== Segment start ==

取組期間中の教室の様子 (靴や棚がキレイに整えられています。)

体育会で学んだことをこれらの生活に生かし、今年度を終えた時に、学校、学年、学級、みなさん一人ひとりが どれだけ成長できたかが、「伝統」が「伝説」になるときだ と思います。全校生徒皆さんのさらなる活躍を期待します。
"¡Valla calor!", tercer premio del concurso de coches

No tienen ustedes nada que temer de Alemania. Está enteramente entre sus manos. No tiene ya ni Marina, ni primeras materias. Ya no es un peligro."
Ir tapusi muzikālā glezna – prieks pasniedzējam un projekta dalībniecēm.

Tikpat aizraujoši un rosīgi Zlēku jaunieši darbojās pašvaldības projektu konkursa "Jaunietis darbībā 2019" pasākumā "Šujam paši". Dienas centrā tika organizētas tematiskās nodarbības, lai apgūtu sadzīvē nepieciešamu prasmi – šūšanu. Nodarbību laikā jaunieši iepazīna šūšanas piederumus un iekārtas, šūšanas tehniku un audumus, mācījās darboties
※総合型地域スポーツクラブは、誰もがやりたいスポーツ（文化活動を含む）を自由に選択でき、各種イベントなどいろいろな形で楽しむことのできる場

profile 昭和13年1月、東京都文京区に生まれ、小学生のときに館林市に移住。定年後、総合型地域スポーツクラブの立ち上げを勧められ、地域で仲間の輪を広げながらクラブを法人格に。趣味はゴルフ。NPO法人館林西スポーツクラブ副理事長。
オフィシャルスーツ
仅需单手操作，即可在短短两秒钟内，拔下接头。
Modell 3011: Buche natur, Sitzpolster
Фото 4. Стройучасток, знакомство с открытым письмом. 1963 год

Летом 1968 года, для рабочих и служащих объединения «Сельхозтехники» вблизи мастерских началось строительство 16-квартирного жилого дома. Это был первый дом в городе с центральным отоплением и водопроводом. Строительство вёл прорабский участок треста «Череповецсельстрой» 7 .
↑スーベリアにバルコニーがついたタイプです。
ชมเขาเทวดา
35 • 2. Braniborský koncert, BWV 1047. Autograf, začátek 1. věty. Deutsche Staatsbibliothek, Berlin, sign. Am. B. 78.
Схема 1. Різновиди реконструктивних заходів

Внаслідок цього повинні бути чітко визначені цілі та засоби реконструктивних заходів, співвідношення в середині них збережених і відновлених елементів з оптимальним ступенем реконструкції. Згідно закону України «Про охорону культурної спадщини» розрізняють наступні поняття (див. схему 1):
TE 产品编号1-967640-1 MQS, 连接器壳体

== Segment end ==
== Segment start ==

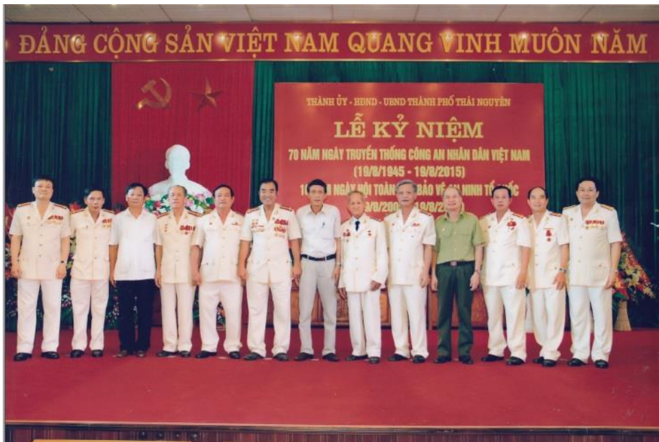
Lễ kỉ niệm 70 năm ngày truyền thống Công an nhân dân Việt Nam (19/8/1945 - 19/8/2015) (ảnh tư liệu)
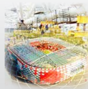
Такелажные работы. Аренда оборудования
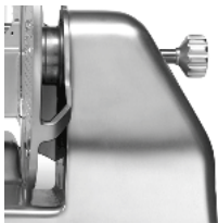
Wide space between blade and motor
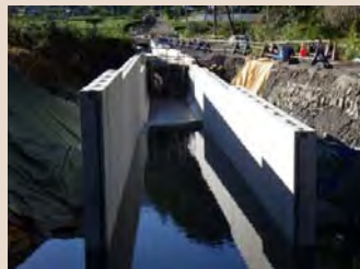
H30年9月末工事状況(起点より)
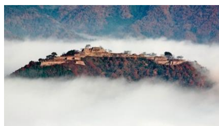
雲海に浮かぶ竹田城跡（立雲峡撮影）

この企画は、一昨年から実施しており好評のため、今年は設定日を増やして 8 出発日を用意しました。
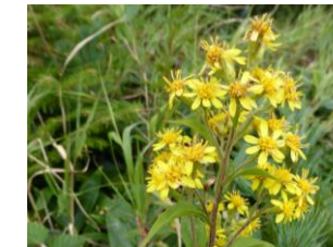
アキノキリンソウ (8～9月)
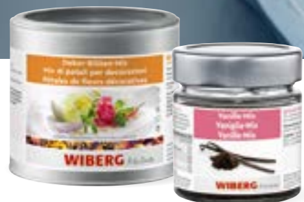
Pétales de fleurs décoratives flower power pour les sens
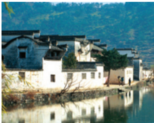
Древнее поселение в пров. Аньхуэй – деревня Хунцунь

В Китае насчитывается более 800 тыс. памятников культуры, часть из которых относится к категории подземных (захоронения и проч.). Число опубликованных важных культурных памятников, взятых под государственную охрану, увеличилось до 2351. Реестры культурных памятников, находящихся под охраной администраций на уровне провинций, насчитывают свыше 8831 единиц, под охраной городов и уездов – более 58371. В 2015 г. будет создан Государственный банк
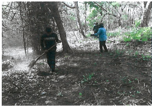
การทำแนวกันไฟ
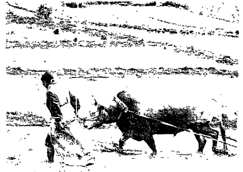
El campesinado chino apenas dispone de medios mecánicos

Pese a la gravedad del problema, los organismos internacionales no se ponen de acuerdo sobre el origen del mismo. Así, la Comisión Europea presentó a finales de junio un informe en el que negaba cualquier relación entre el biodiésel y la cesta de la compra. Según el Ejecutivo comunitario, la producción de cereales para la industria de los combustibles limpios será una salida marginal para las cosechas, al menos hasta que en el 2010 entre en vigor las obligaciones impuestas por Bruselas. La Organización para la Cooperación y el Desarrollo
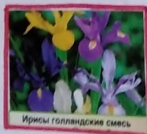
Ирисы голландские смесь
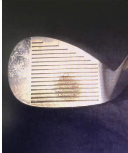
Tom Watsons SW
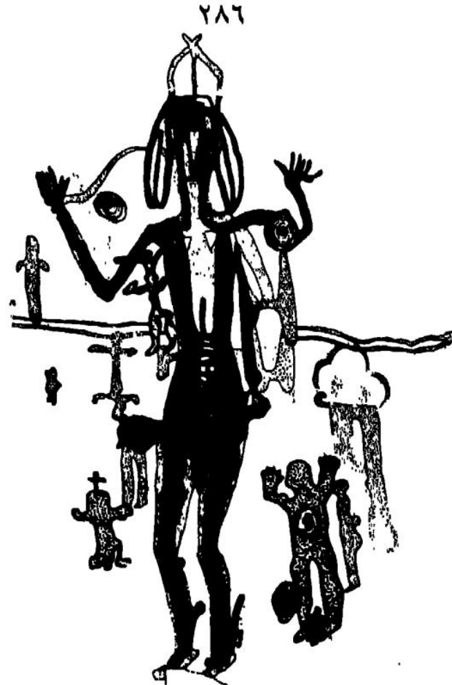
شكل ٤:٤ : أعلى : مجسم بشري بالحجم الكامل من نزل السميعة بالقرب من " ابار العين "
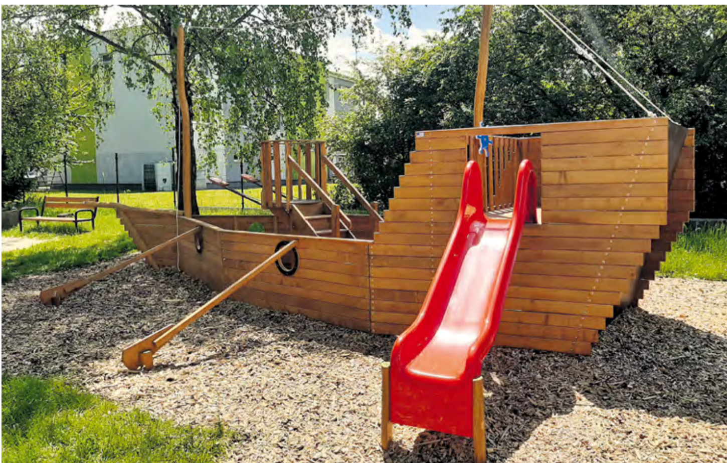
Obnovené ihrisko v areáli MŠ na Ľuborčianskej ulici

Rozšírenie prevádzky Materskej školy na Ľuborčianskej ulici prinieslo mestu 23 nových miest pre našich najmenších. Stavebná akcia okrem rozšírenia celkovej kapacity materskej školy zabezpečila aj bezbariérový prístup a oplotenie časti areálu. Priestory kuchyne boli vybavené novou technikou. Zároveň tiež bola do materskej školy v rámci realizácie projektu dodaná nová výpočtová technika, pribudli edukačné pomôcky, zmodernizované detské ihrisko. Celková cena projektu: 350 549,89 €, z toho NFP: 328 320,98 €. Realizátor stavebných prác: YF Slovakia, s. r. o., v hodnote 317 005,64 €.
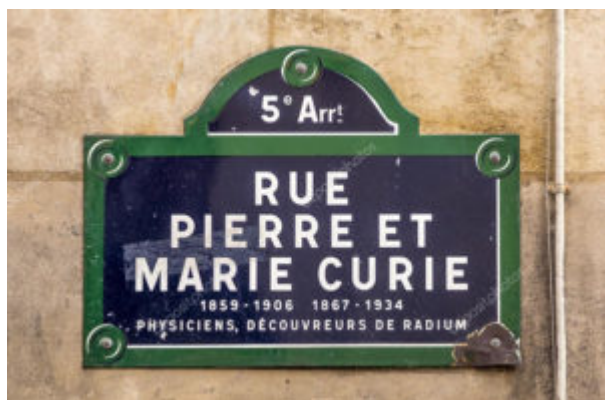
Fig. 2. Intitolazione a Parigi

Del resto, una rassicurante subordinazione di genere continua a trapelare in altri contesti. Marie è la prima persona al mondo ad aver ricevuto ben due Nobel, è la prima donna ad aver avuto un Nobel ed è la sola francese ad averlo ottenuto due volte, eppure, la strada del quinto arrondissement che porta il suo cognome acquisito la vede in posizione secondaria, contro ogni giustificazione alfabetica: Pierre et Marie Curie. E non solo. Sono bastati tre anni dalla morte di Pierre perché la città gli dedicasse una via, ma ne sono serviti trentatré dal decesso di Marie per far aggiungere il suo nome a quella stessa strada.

== Segment end ==
== Segment start ==

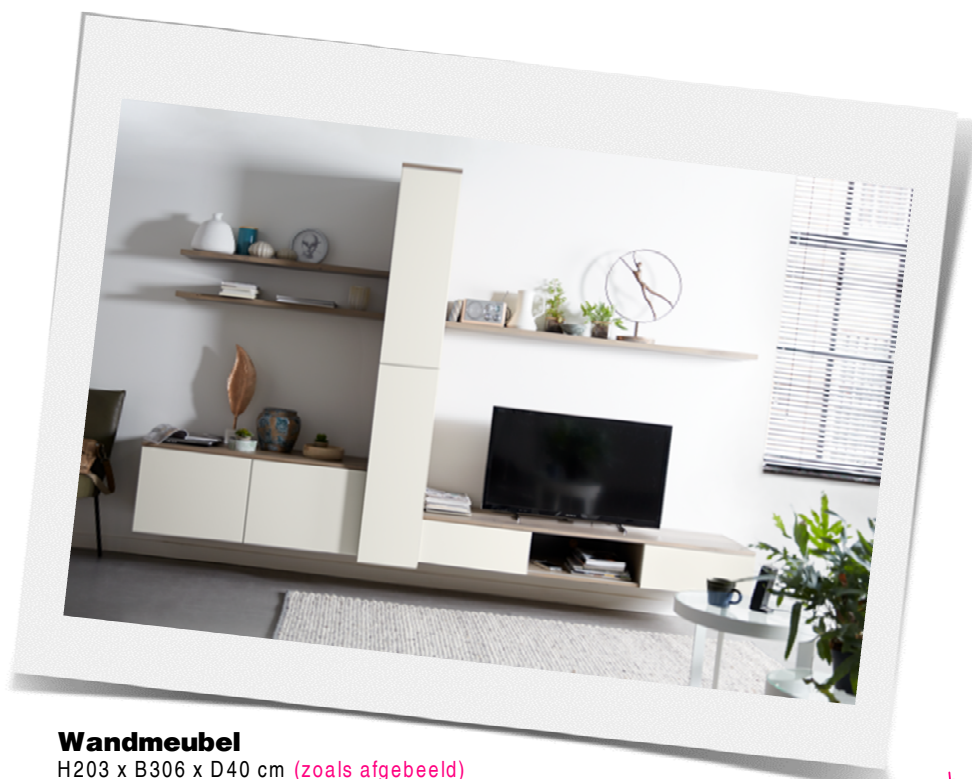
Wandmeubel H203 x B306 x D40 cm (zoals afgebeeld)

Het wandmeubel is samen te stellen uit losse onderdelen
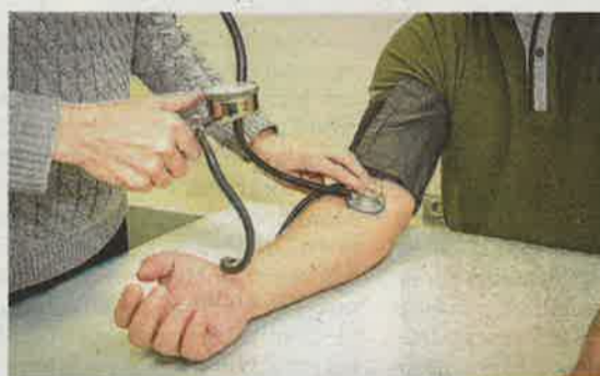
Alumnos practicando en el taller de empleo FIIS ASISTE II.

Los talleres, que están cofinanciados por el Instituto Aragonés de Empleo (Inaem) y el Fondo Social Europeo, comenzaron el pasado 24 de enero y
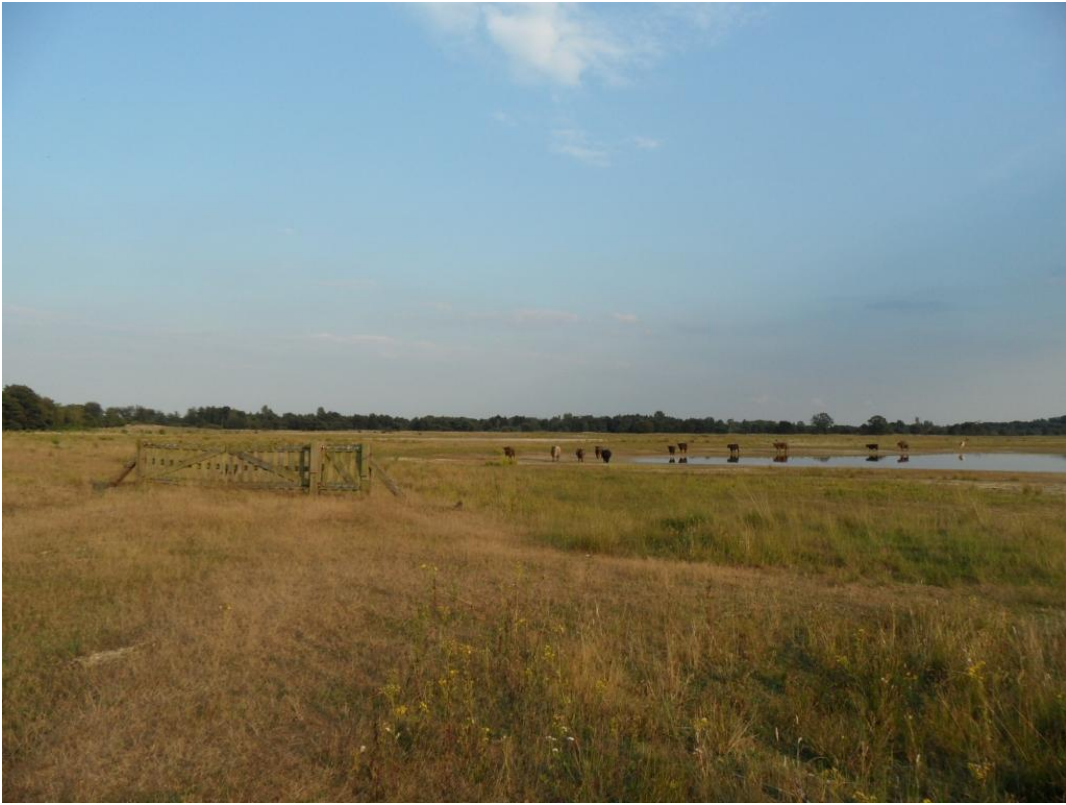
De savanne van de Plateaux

== Segment end ==

Reproduce exactly the section above that begins at the line containing "35 • 2. Braniborský" and ends at the line containing "TE 产品编号1-967640-1 MQS, 连接器壳体", leaving out all other lines.

**Solution to this task**
35 • 2. Braniborský koncert, BWV 1047. Autograf, začátek 1. věty. Deutsche Staatsbibliothek, Berlin, sign. Am. B. 78.
Схема 1. Різновиди реконструктивних заходів

Внаслідок цього повинні бути чітко визначені цілі та засоби реконструктивних заходів, співвідношення в середині них збережених і відновлених елементів з оптимальним ступенем реконструкції. Згідно закону України «Про охорону культурної спадщини» розрізняють наступні поняття (див. схему 1):
TE 产品编号1-967640-1 MQS, 连接器壳体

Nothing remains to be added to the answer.